Снова открылась широкая площадка, усеянная крупными камнями, скатившимися с хребта. Здесь, пожалуй, можно бы и десант высадить... И вдруг за ребристой скалой правая стена разорвалась неровной темно-фиолетовой трещиной. Ширина щели не больше двух десятков метров, но, видно, она пронизывала тело хребта насквозь, и обойти ее невозможно. Над этой трещиной, с края на край разорванного балкона, по которому тянулась тропа, провисала ажурная дужка моста: связанные волосяными веревками деревянные плашки и ограждение из тех же волосяных веревок. Но точно ли веревки волосяные? Надо подойти ближе и убедиться.

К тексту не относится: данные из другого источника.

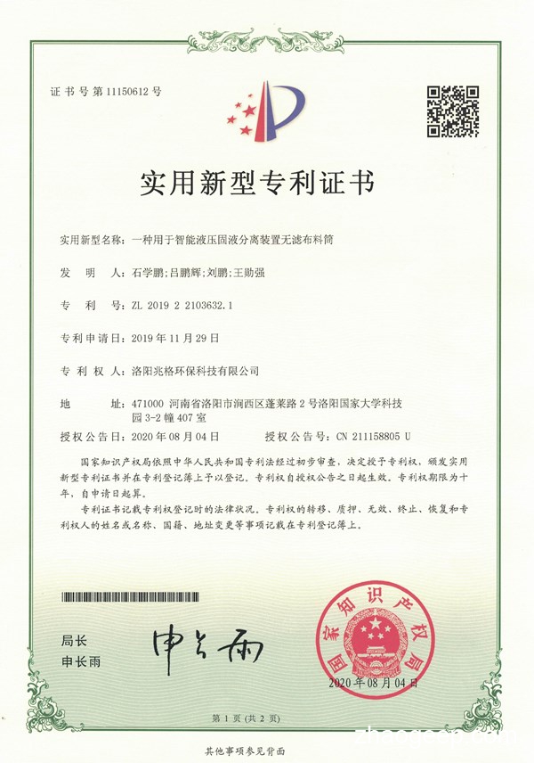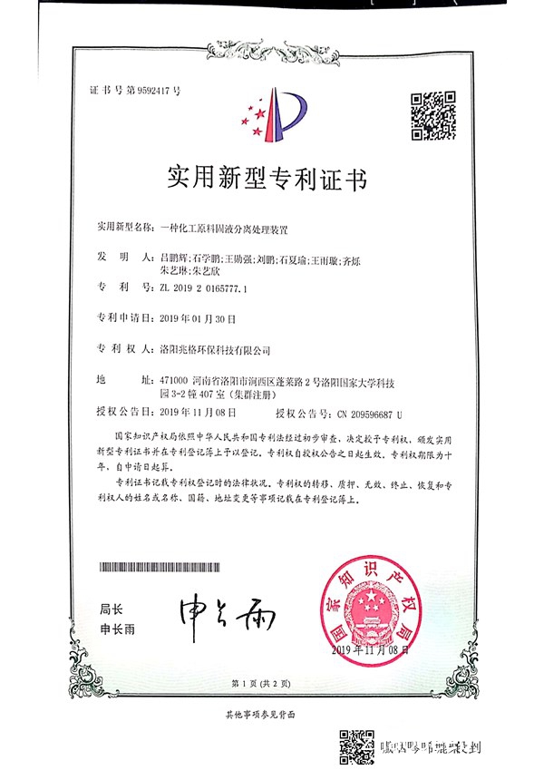 洛陽兆格環(huán)保科技有限公司自成立之初就秉承“創(chuàng)新是企業(yè)發(fā)展的核心動力”的宗旨,始終將客戶技術(shù)領(lǐng)域內(nèi)的痛點解決、技術(shù)研發(fā)作為企業(yè)首要任務(wù),累計獲得25項知識產(chǎn)權(quán),目前18項有效,7項已失效。
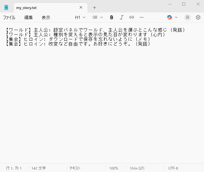- 書き終わったら保存を忘れずに。my_story.txtがDLされます。
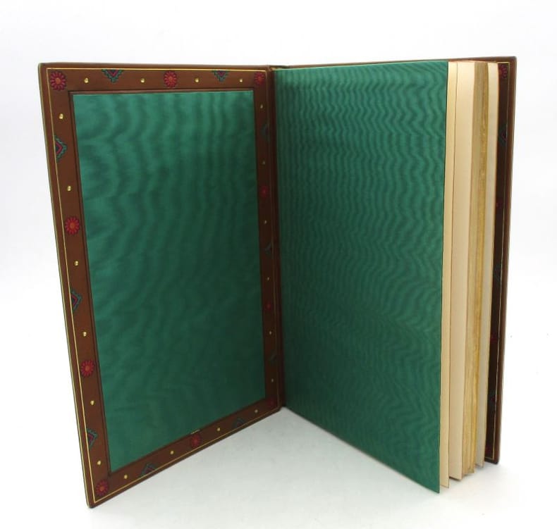 Paris, A. Ferroud, 1901. In-4, 121 pp., basane brune de Gruel mosaïquée de motifs orientaux et points dorés, dos long orné de même, encadrement intérieur orné de même, doublure et garde de soie moirée verte, tranches dorées, couverture conservée, étui (petits frottements).
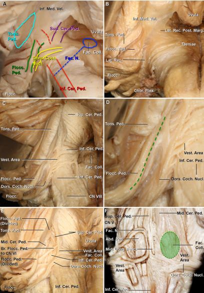 图4. A.后下位观,左外侧隐窝打开后显示周围神经结构毗邻关系。蓝实线表示面神经丘;蓝虚线表示小脑下脚腹侧面神经走行;红线表示小脑小脚,走行于延髓背外侧;绿线表示绒球脚,走行于绒球背侧;黄线表示背侧蜗神经核,在外侧隐窝腹侧壁形成突起;紫线表示位于四脑室外侧壁的小脑上脚腹内侧部走形;天蓝色椭圆区表示腹侧扁桃体脚至绒球脚位置;B.打开左侧隐窝,绒球脚位于扁桃体脚尾部,下髓帆附着于绒球脚和绒球尾部;C.外侧隐窝表层纤维束解剖。绒球脚从走形于腹内侧,从尾部直到扁桃体脚;前庭区位于从尾部至绒球脚处;面神经丘位于四脑室底部;D.面神经丘放大观,背侧蜗神经核位于前庭区,形成一个突起;绒球脚与背侧蜗神经核之间的空间为前庭区;绿色虚线表示假定进入桥脑的安全切口线;E.左外侧隐窝深部。切除部分绒球脚,小脑中脚位于绒球脚腹侧,桥脑下方;小脑上脚位于绒球脚上部腹侧和内侧;小脑下脚位于绒球脚内侧和前庭区腹侧;F.四脑室底部纤维束解剖后位观,右侧显示表层纤维束,左侧显示深层纤维束。绿色椭圆代表面神经丘,外侧隐窝几乎由前庭区覆盖,面神经位于外展神经周围,小脑上脚位于外侧隐窝腹侧。
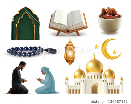 Concept of Muslim holy month Ramadan Kareem, isolated on white background
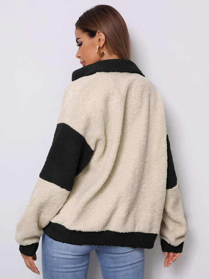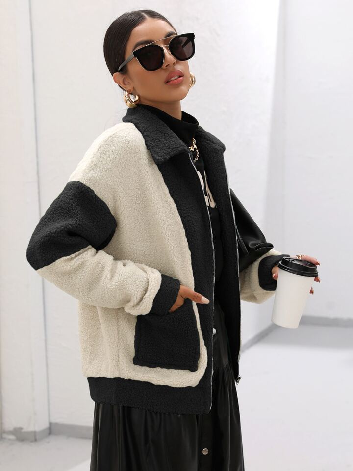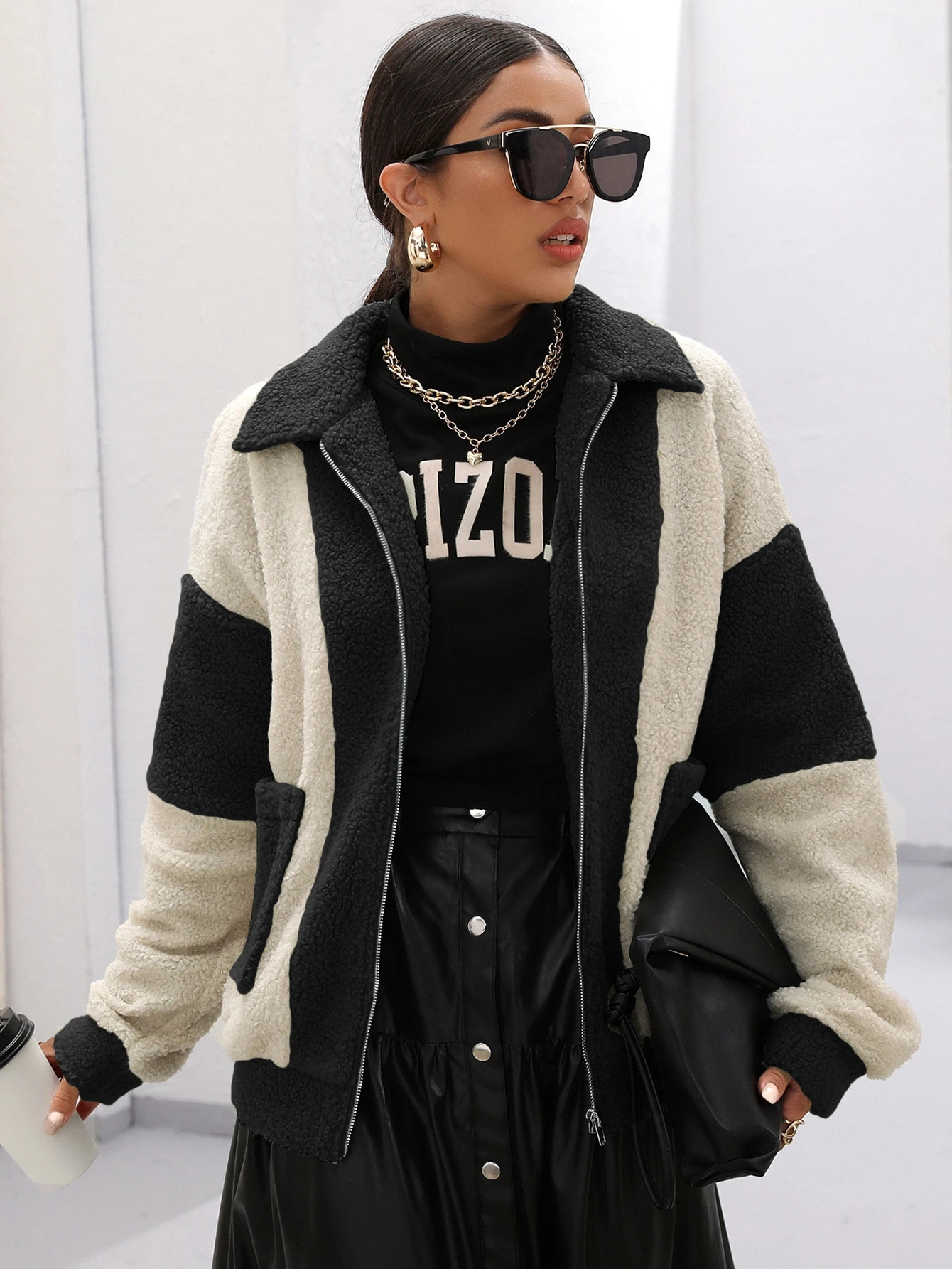 Drop Shoulder Patch Pocket Colorblock Teddy Jacket
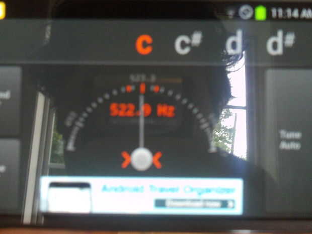 Usé una nota sintonía programa en mi teléfono llamada gStrings (mala elección de un nombre) para ajustar cada tubo a un campo cercano de perfecto, se trata de mucho más tiempo parte de la construcción. Se corta un tubo más la echada se hace y más consigue el más bajo el tono, si se corta los labios labia igual que puede cambiar octavas por reducir a la mitad o duplicar la longitud de la tubería (dobles de Pitch o mitades haciendo saltos de octava).
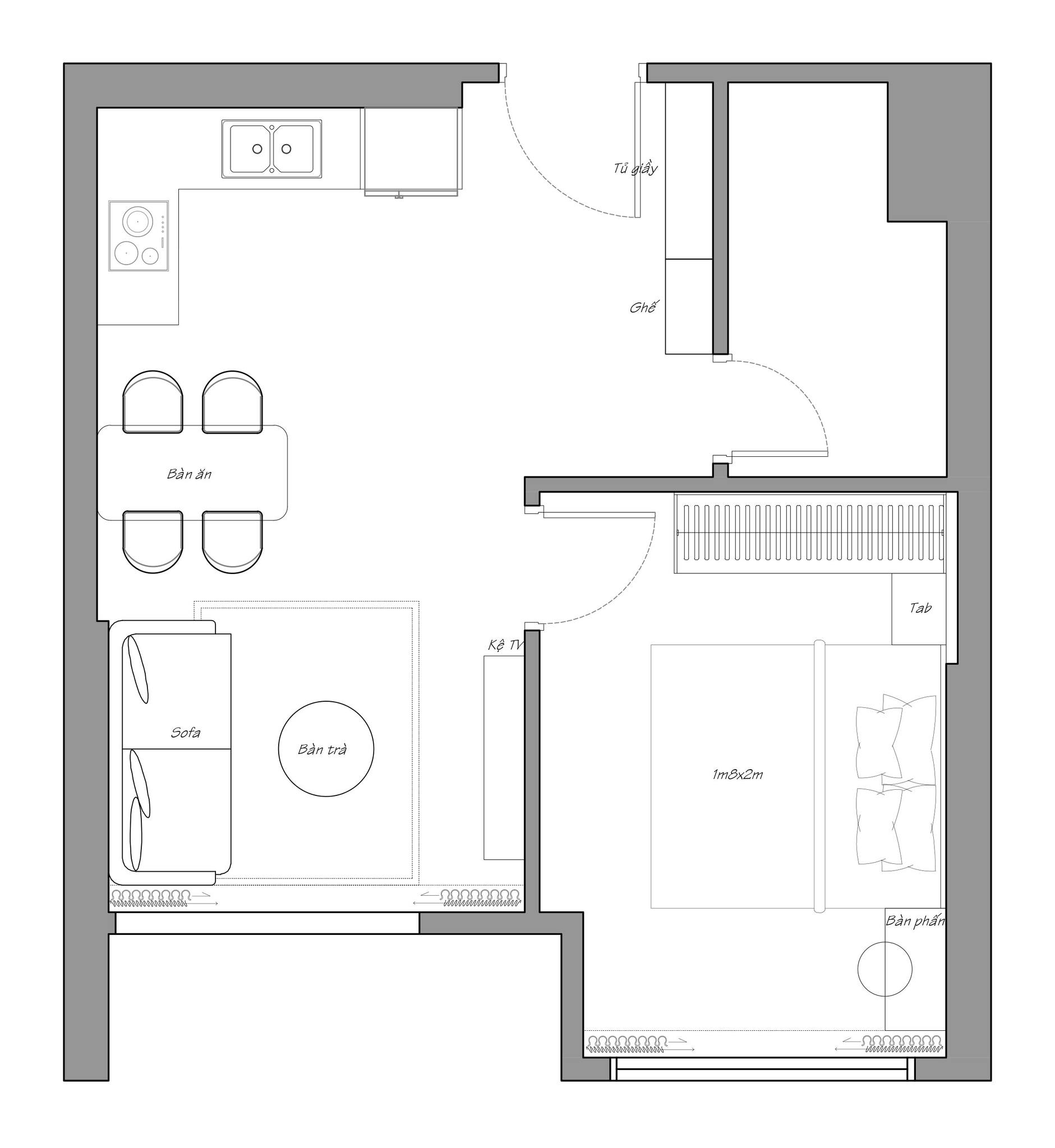 | Công năng: | Phòng khách – bếp – ăn, phòng ngủ, WC |
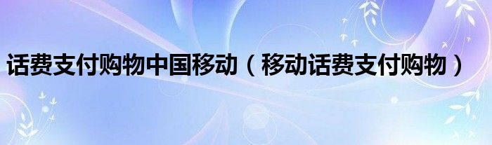 话费支付购物中国移动(移动话费支付购物)
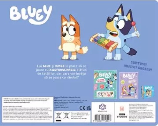 Cu Bluey- Xilofonul Magic, copiii resimt bucuria transmisă de minunatele desene animate în paginile unei cărți cu sunete. Părinții și copiii deopotrivă se regăsesc în poveste mulțumită personajelor care au un comportament firesc, dar amuzant, și descoperă împreună o nouă aventură educativă.
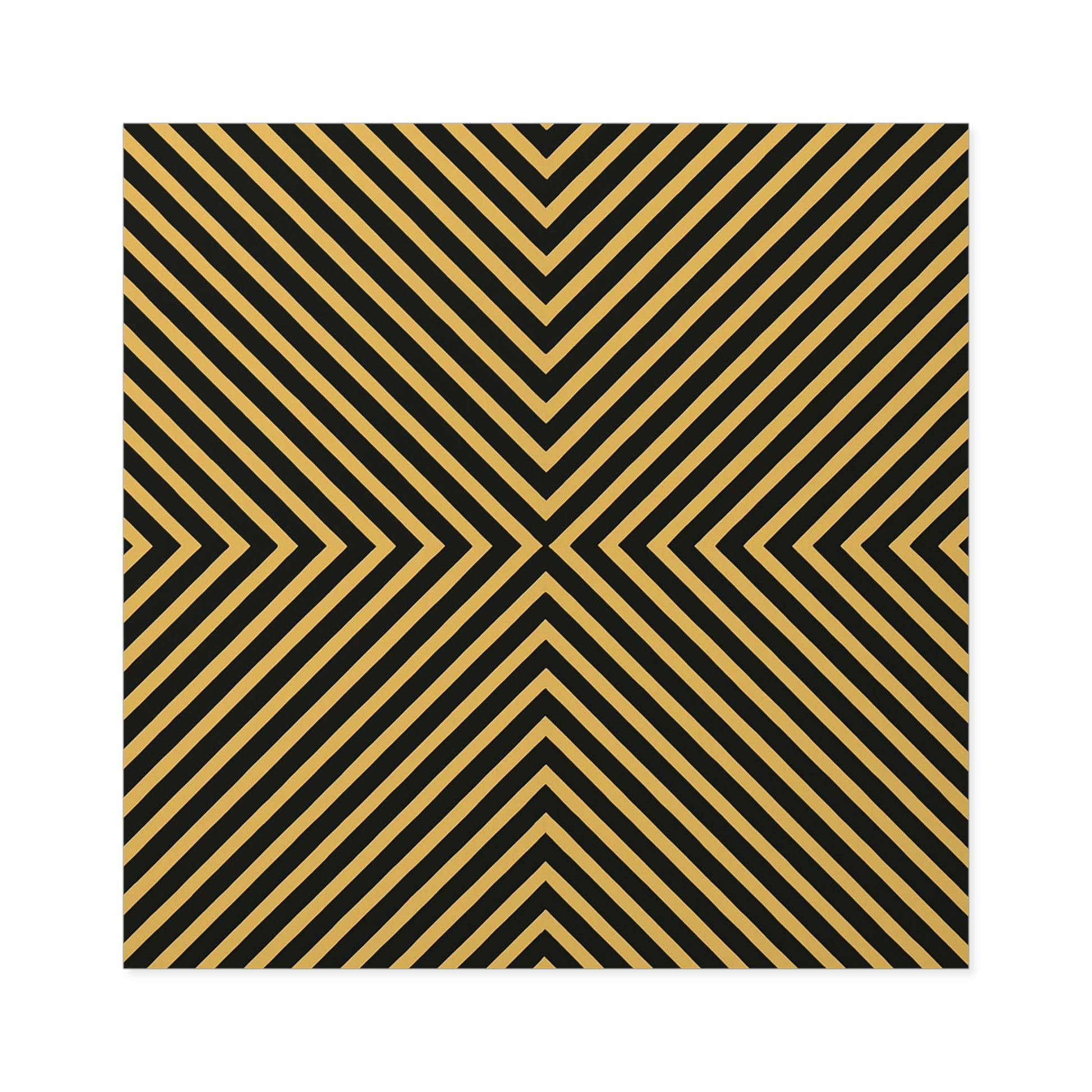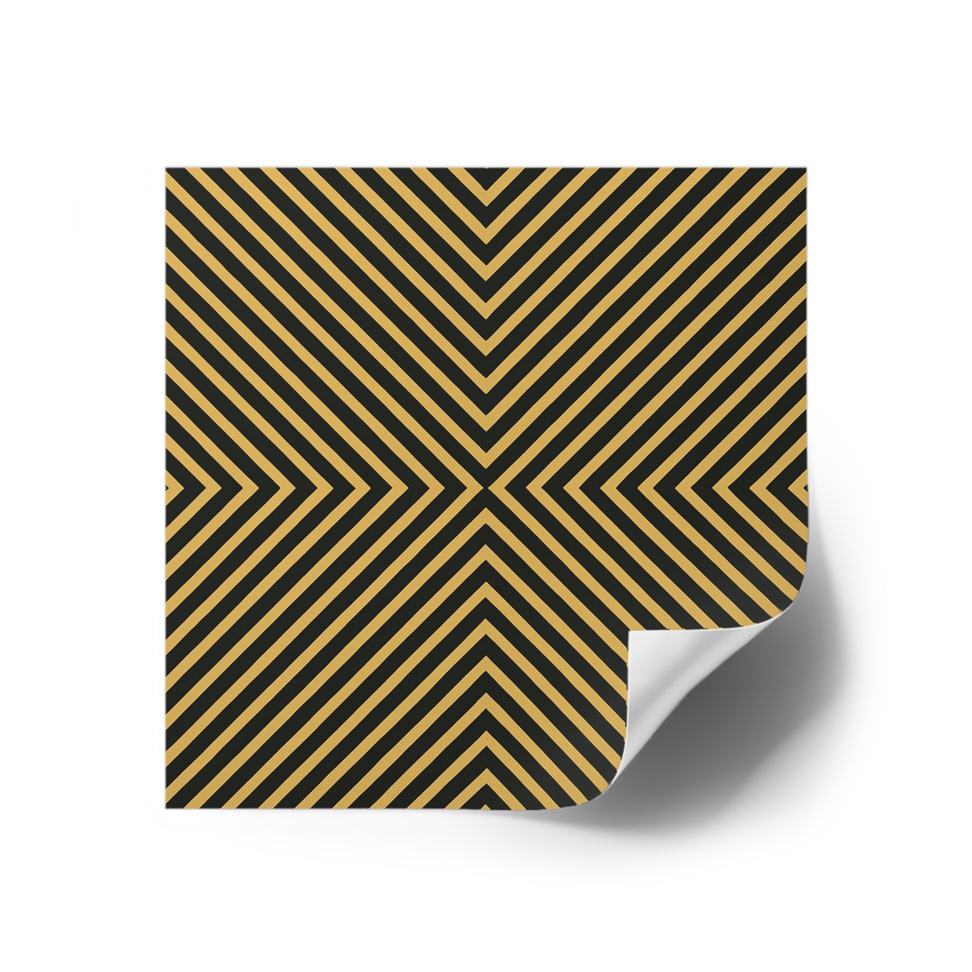 A bold, square vinyl sticker that commands attention. The high-contrast black and gold geometric pattern draws the eye into a hypnotic center, adding modern edge to guitars, laptops, water bottles, and sketchbooks. Weatherproof and laminated, it stays vivid through rain, sun, and daily wear — ready to travel with you from city streets to studio sessions. Peel and press for an instant style upgrade that reads luxe, graphic, and confidently unapologetic.
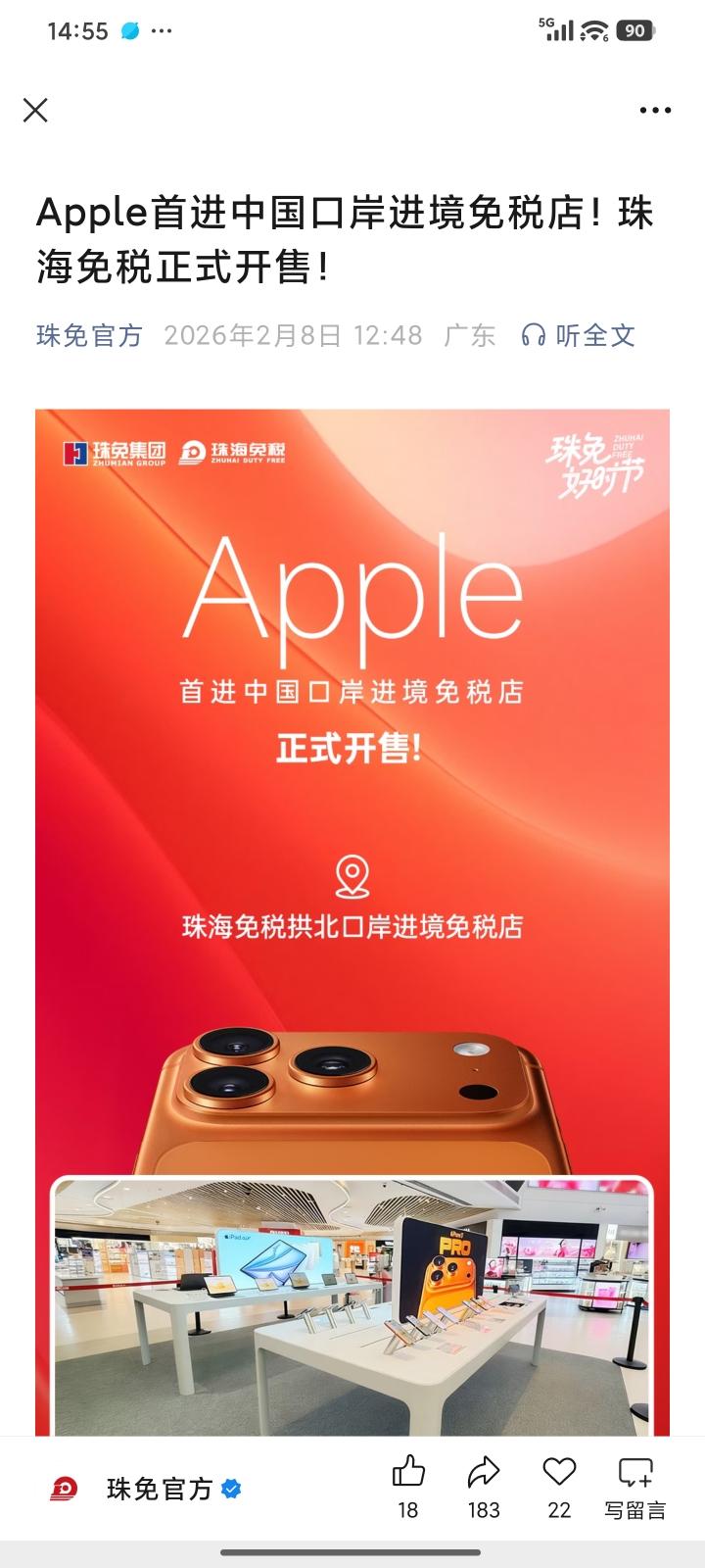 Apple首进中国口岸进境免税店!珠海免税正式开售!
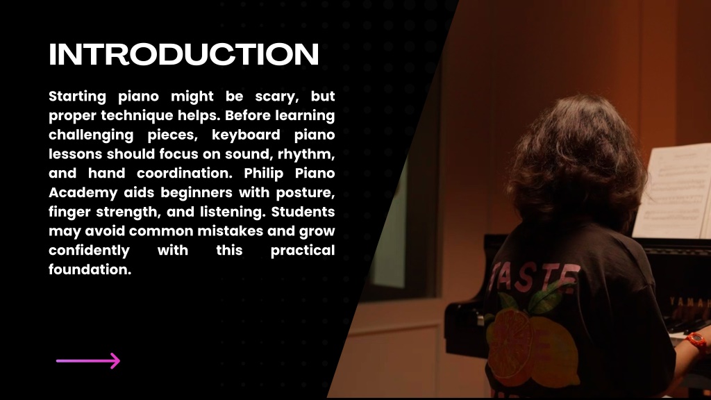 INTRODUCTION Starting piano might be scary, but proper technique helps. Before learning challenging pieces, keyboard piano lessons should focus on sound, rhythm, and hand coordination. Philip Piano Academy aids beginners with posture, finger strength, and listening. Students may avoid common mistakes and grow confidently with foundation. this practical

— Осторожно, Петрович, тут у душманов, кажется, охрана.
— Вижу, Исмаил.
Движение в камнях Лопатин уловил сразу, как только открылась щель. И от противоположной стороны моста метнулся какой-то человек, забился в невидимую впадину. Здесь никто не размахивал белым платком, каждую минуту следовало ожидать выстрелов. Но может, это и не душманы? А кто же еще станет сидеть у моста, на тайной бандитской тропе? Если даже Кара-хан не держит здесь постоянной охраны, он должен выслать вперед самых выносливых и ловких скалолазов, чтобы исключить неприятные неожиданности. И у них, возможно, есть радиосвязь. Тем не менее, не давая противнику времени на размышления, Лопатин решительно развернулся в ущелье и нацелил опущенный нос вертолета на середину щели, разорвавшей хребет.
— Что ты задумал, Петрович? — тревожно спросил майор.
— То, что нам нужно, Исмаил.
Вертолет, приседая, вползал в щель, Лопатин ощутил плавный толчок, когда стойка шасси зацепила мост. Но что волосяные веревки для многотонной железной глыбы? Легкая тяжесть почти мгновенно отпустила, Лопатин довел обороты до предела, машина резко пошла вверх — сбоку и сзади в вихре крутились порванные канаты и разметанные дощечки. «Теперь, сволочи, покажите свою храбрость не перед безоружными крестьянами, а перед отрядом солдат революции! Теперь попробуйте тронуть захваченных людей, жизнями которых вы еще можете спасти свои шкуры!» Машина выползла из щели, крутнулась на месте волчком, и в этот момент что-то лопнуло над головой. В защитном шлеме он не ощутил ветра, рвущегося в кабину, но, скосив глаза, увидел справа, в стекле фонаря, два пулевых отверстия. Итак, у моста тоже душманы, и они наконец спохватились, увидев, что произошло. Вертолет набирал высоту, снизу снова коротко треснуло по броне. Исмаил неуклюже повернулся на сиденье, за синеватым стеклом шлема Лопатин увидел его встревоженные глаза.
— Стреляют, Петрович, ты цел?
— Пусть постреляют, может, Кара-хан им это зачтет. Я одного боялся: как бы нам не врезали в борт реактивной гранатой, когда мы рушили мост.